====== DATA UNDER STUDY

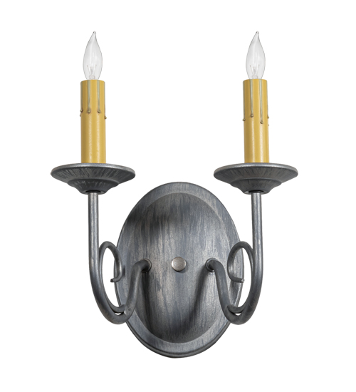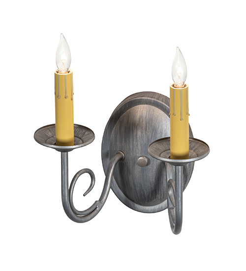 A sumptuous decorative design evokes a rich lustrous charm. Jenna features an Antique Iron Ore finish that will highlight the walls of any room. Hand-Forged Iron Scrollwork with sturdy bobeches embrace two Ivory faux candlelights that deliver beautiful ambient illumination. Handcrafted by highly skilled artisans in our 180,000 square foot manufacturing facility in Yorkville, New York. Candlelight colors, metal finishes and fixture sizes can be customized to your needs. UL and cUL listed for dry and damp locations.
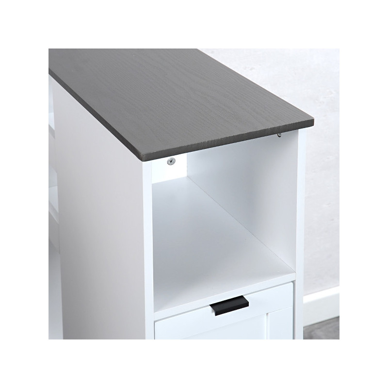 Този портативен шкаф може да се превърне в един от най-добрите ви помощници в кухнята. Той има три рафта, на които можете да сложите любимите си кухненски аксесоари, които да са ви винаги под ръка. Снабден е с чекмедже и с прибиращ се в шкафа кош за боклук. Прекрасна комбинация от естетичен вид и практичност.
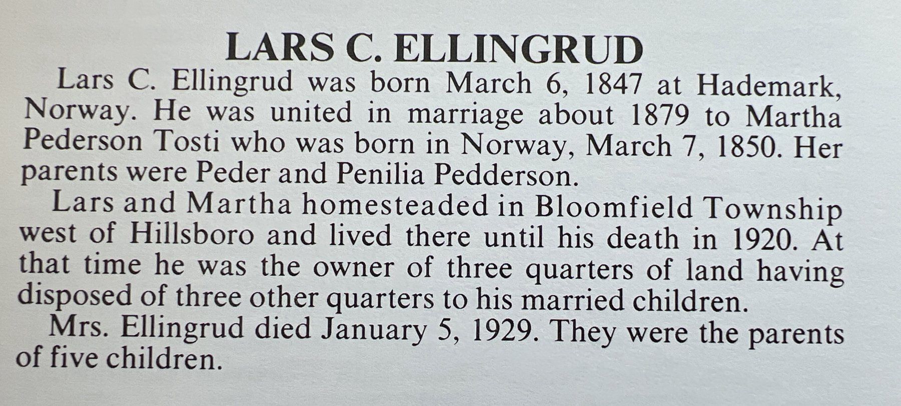 This family history folder also contains a brief description about Lars and Martha Ellingrud published in Vol. I of "Yesteryears" the history of Traill County book (below).
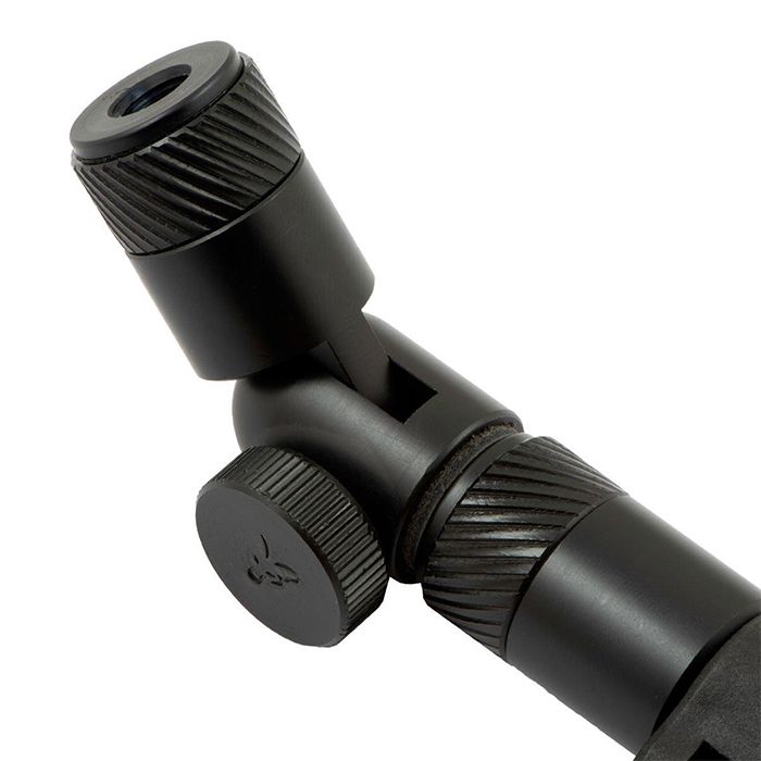 De nieuwe hoekadapter is voorzien van het QR-systeem om een alarm- of achter steunen op de bovenste helft en een schroefdraad in de onderste helft te kunnen gebruiken met beide soorten oeverstokken. Perfect voor het naar beneden hangen van uw alarmen bij het vissen van uw hengeltips hoog.
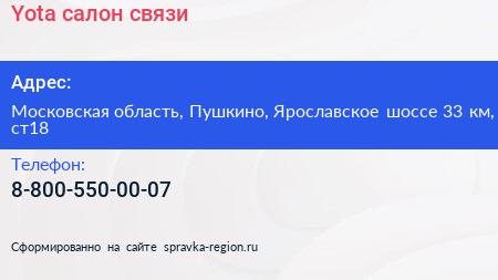 Yota, салон связи по адресу Московская область, Пушкино, Ярославское шоссе 33 км, ст18 в дальнейшем Организация, размещена в следующих категориях:

============

An exact copy of the material above is required, minus its images.

◆ ANSWER AREA
 A sumptuous decorative design evokes a rich lustrous charm. Jenna features an Antique Iron Ore finish that will highlight the walls of any room. Hand-Forged Iron Scrollwork with sturdy bobeches embrace two Ivory faux candlelights that deliver beautiful ambient illumination. Handcrafted by highly skilled artisans in our 180,000 square foot manufacturing facility in Yorkville, New York. Candlelight colors, metal finishes and fixture sizes can be customized to your needs. UL and cUL listed for dry and damp locations.
 Този портативен шкаф може да се превърне в един от най-добрите ви помощници в кухнята. Той има три рафта, на които можете да сложите любимите си кухненски аксесоари, които да са ви винаги под ръка. Снабден е с чекмедже и с прибиращ се в шкафа кош за боклук. Прекрасна комбинация от естетичен вид и практичност.
 This family history folder also contains a brief description about Lars and Martha Ellingrud published in Vol. I of "Yesteryears" the history of Traill County book (below).
 De nieuwe hoekadapter is voorzien van het QR-systeem om een alarm- of achter steunen op de bovenste helft en een schroefdraad in de onderste helft te kunnen gebruiken met beide soorten oeverstokken. Perfect voor het naar beneden hangen van uw alarmen bij het vissen van uw hengeltips hoog.
 Yota, салон связи по адресу Московская область, Пушкино, Ярославское шоссе 33 км, ст18 в дальнейшем Организация, размещена в следующих категориях:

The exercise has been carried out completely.